Selama ini, Agus berupaya memberikan pelayanan terbaik bagi umat. Di sekretariat paroki ini, Agus berkarya bersama dua rekannya. Sekretariat ini buka setiap hari dari pukul 08.00 hingga 20.00. Selain melayani di sekretariat paroki, Agus juga mengerjakan database umat.

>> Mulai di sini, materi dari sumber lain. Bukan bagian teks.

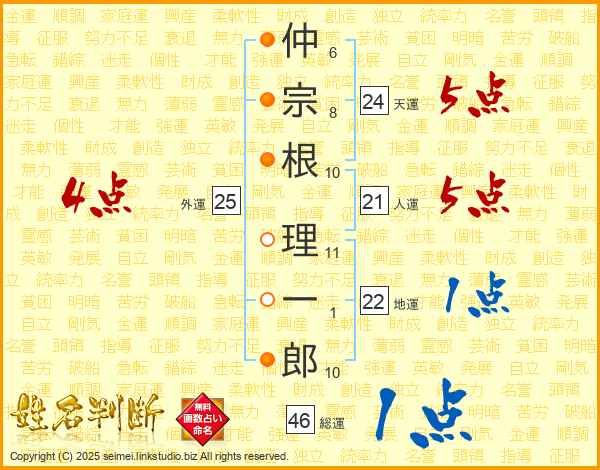 仲(6画)宗(8画)根(10画) 理(11画)一(1画)郎(10画)

Selama 15 tahun berkarya di sekretariat paroki, berbagai tantangan pernah Agus lalui. Ia harus bertemu dengan beragam umat dengan aneka latar belakang. “Dimarahi, dicaci maki, itu sudah biasa. Kadang, ada pula umat yang minta urusan administrasi sakramental harus kelar dalam satu hari. Itu kan tidak mungkin, karena berhubungan dengan banyak pihak,” cerita pria asal Kendal, Jawa Tengah ini. Jika menghadapi umat yang seperti ini, Agus hanya bisa bersabar. “Ya, saya tetap tersenyum saja,” imbuh pria lulusan sekolah menengah atas ini.
Tempat sampah
Pengalaman serupa juga dihadapi karyawan sekretariat Paroki St Nikodemus Ciputat, Tangerang Selatan, Agnes Eka Ostriani. Perempuan yang baru dua tahun berkarya di sekretariat paroki ini, kerap dimarah-marahi umat lantaran dianggap tidak bisa bekerja.
Jumlah umat yang banyak di sebuah paroki, sementara tenaga pastoral terbatas, kadang juga menyulitkan para pegawai sekretariat paroki. Paling tidak inilah yang dihadapi karyawan sekretariat Paroki Trinitas Cengkareng, Jakarta Barat, Fransiskus Mans Veradi. Banyak umat yang tidak terlayani dan kecewa, lantaran keterbatasan tenaga pastoral di paroki. “Umat kadang meluapkan kekecewaan itu kepada kami. Pegawai sekretariat sering menjadi ‘tong sampah’ kekecewaan umat. Tapi, saya berusaha mengolah setiap “sampah kekecewaan” itu, agar tetap menjadi berkat,” ucap Frans yang berkarya di sekretariat Paroki Trinitas sejak 19 November 2002.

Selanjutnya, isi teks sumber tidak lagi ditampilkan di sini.